LaGarde, Owen M ERDC-RDE-ITL-MS Contractor
Owen.M.LaGarde at erdc.dren.mil
Tue Nov 10 07:05:17 UTC 2015
This is possibly another instance of the earlier threads (below). This occurs
with 3.6.6-1 and 3.6.2-1.
http://www.gluster.org/pipermail/gluster-users/2014-June/017635.html
http://www.gluster.org/pipermail/gluster-users/2012-March/009942.html
Synopsis:
A standard user tries to build GIT and succeeds, but is then unable to
delete a relatively small number of files in the build tree. They get
'No data available' and while the bricks contain associated nodes which
getfattr seems happy with, at least one entry for each node has mode 1000
(text bit only).
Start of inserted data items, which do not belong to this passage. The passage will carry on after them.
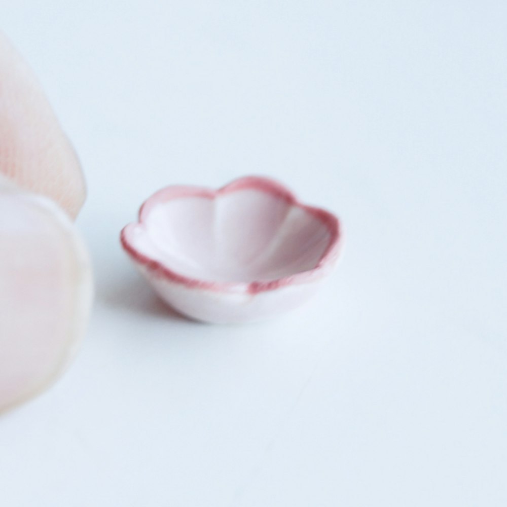 定食・食卓ピンク花小鉢(ミニチュア陶芸食器)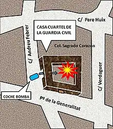 - (ca)/(es) Cet article est partiellement ou en totalité issu des articles intitulés en catalan « Atemptat de Vic de 1991 » (voir la liste des auteurs) et en espagnol « Atentado contra la casa cuartel de Vich » (voir la liste des auteurs).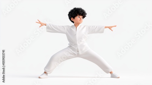 Young Boy Practicing Tai Chi in White Uniform Traditional Chinese Martial Arts Peaceful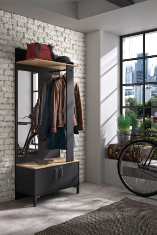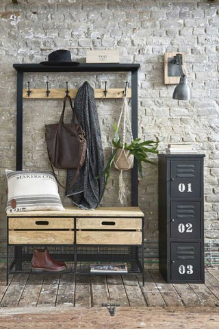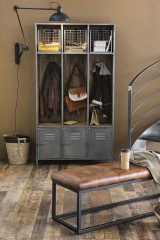 Pour parfaire la déco de votre entrée, optez pour des accessoires comme un miroir, une lampe et des casiers en métal, un coussin vintage… Osez mélanger le bois brut avec le métal et la pierre, c’est l’ADN du style industriel.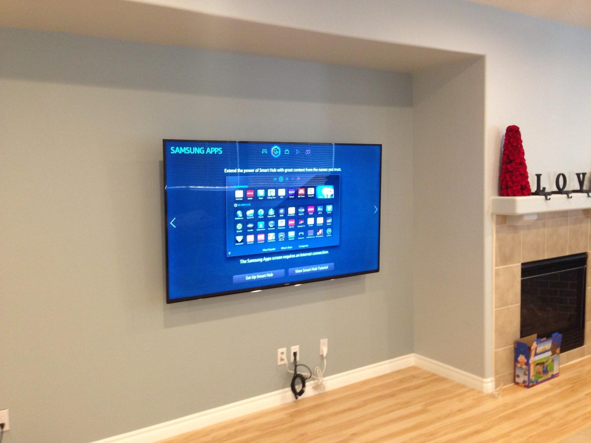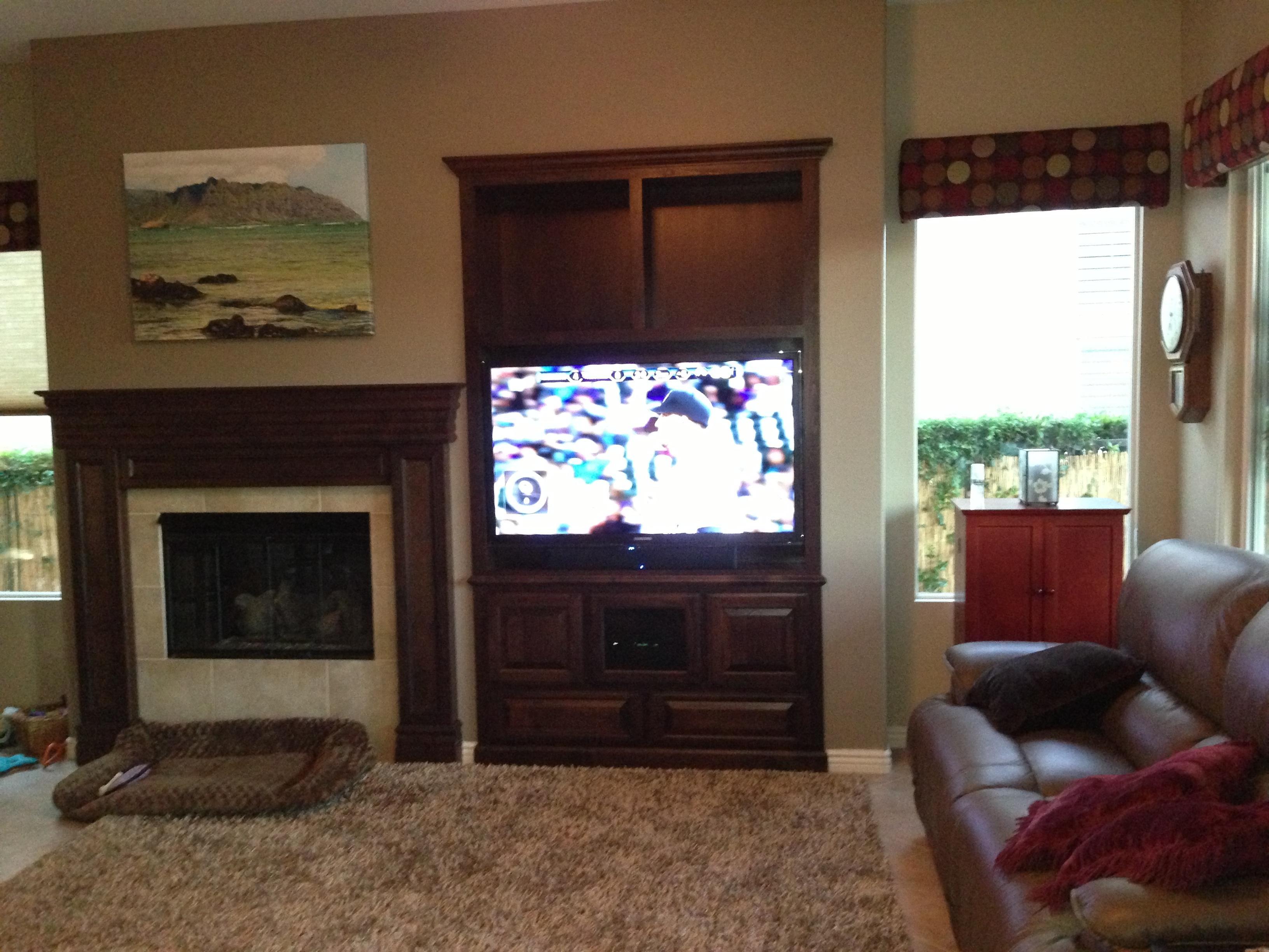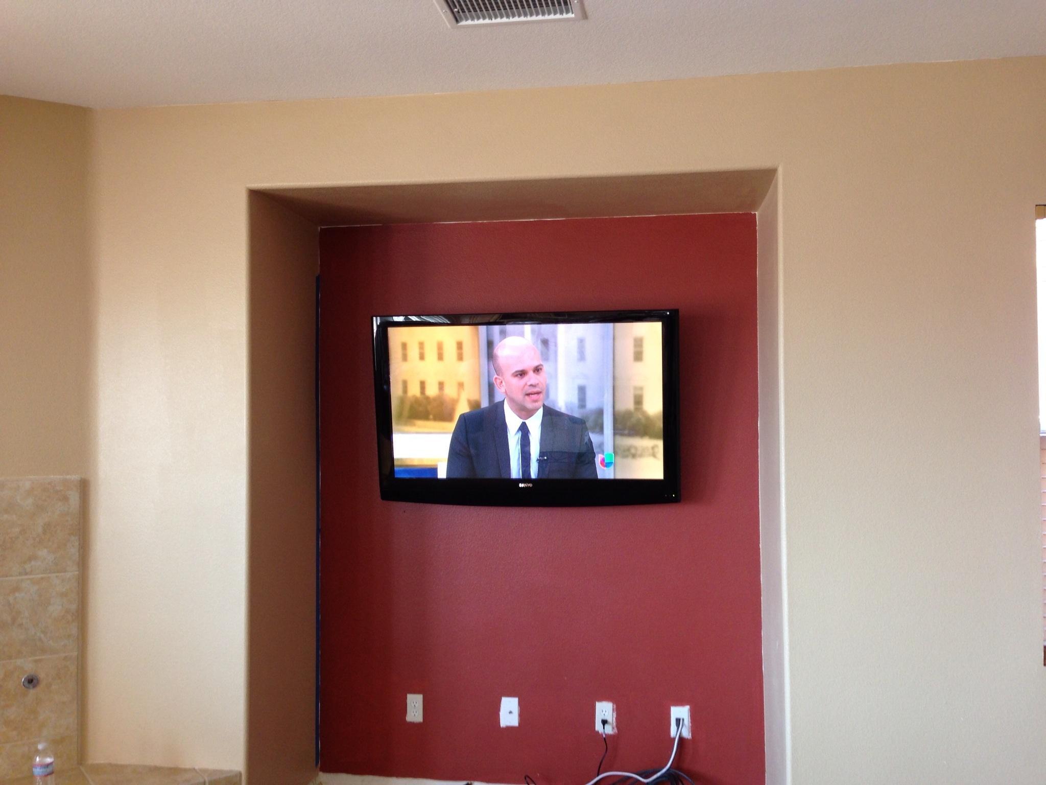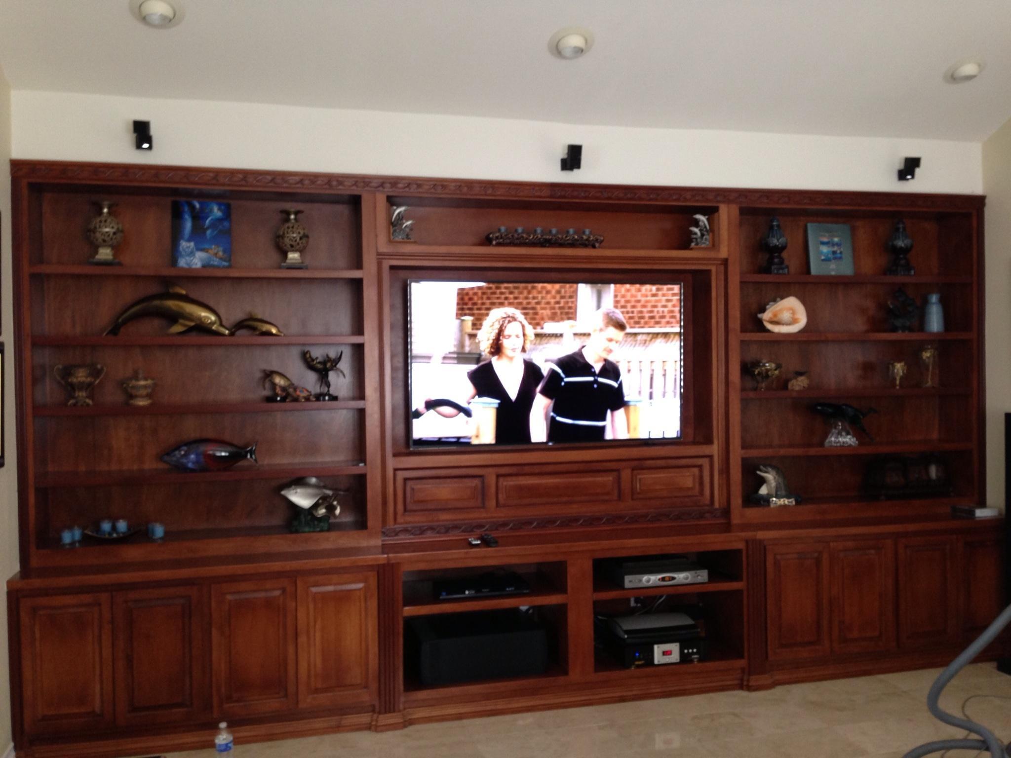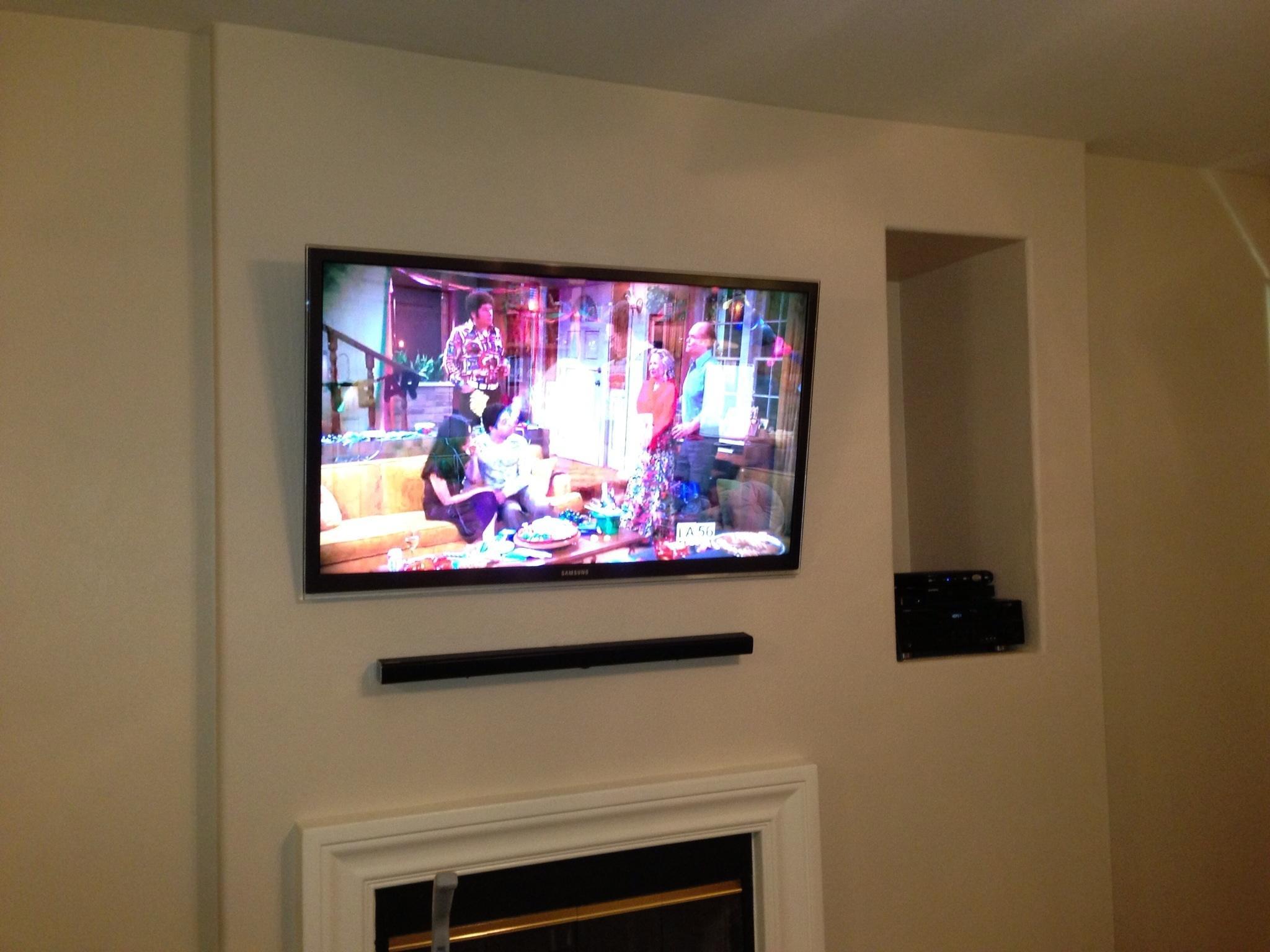• 75 65 80 37 Home theater room in loft.  mount BenQ HD projector, 120 Home theater projector calibration. 120 120 Commercial Salon tv installation. Organization is our way to stay on top of production. Commercial cafeteria 4@46 We wall mounted both 70 Martin Logan wall mounted array. Commercial outdoor IP CCTV. Dave installing center in-ceiling speaker 5.1 system. Sometimes ceiling mounts can be used to provide a modern look, cabling gets concealed in pipe mount. 46 Dave up high running CCTV cabling for (8) camera system outdoor produce company. Big bear cabin speaker system 3@ pairs of speakers in three rooms with 5.1 in main living area, wall mounted 55 This client already had electrician run power to location on surface of wall, we came in and mounted tv, concealed our cabling. Commercial projector conference room. Ceiling mounted HDMI, VGA, audio. 80 Built in wall unit installed 75 Twin 55 60 65 60 Full Russsound audio system outdoor 6 zone 65 Grado spa 40 Client has existing small niche we framed out area mounted full motion mount. This shot is behind install, when tv is pushed back hides hole. 65 Big bear cabin in-wall speakers 70 We sell and install Samsung commercial displays. This was for a local trucking company dispatch displays. 60 55 55 60 60 Dual outdoor patio displays. Installing 7.1 in-ceiling speakers. Full motion mount for this 75 55 60 Commercial CCTV POE system. 35k warehouse cable runs. Whole house speaker system , these were in the tarazzo shower. This small cubby was transformed with framing to support 55 Tv over framed out area client wanted under area for there devices. Client had contractor tell her that this plaster brick fireplace was not possible to install and conceal cabling. 65 Residential 16 channel CCTV set up programming DVR. 60 42 Small Samsung game room tv, client installed tv. We were needed to come in and conceal cabling running down wall. 03/11/15 Again client pre mounted this tv we were called in to conceal cabling running between tv and dresser. 03/11/15 Tv in alcove area 03/13/15 One of three tv installed  with 5.1 in ceiling speakers post wire 03/14/15 Wall mounted floating A/V furniture sold and installed. Available in Expresso and Chocolate.

The logs are also being spammed again with iobref_unref
and iobuf_unref, which may be connected, or may not. The brick logs do
contain xattr set errors to start, and get/modify later on, ending with
unlink errors when the deletion attempts arrive.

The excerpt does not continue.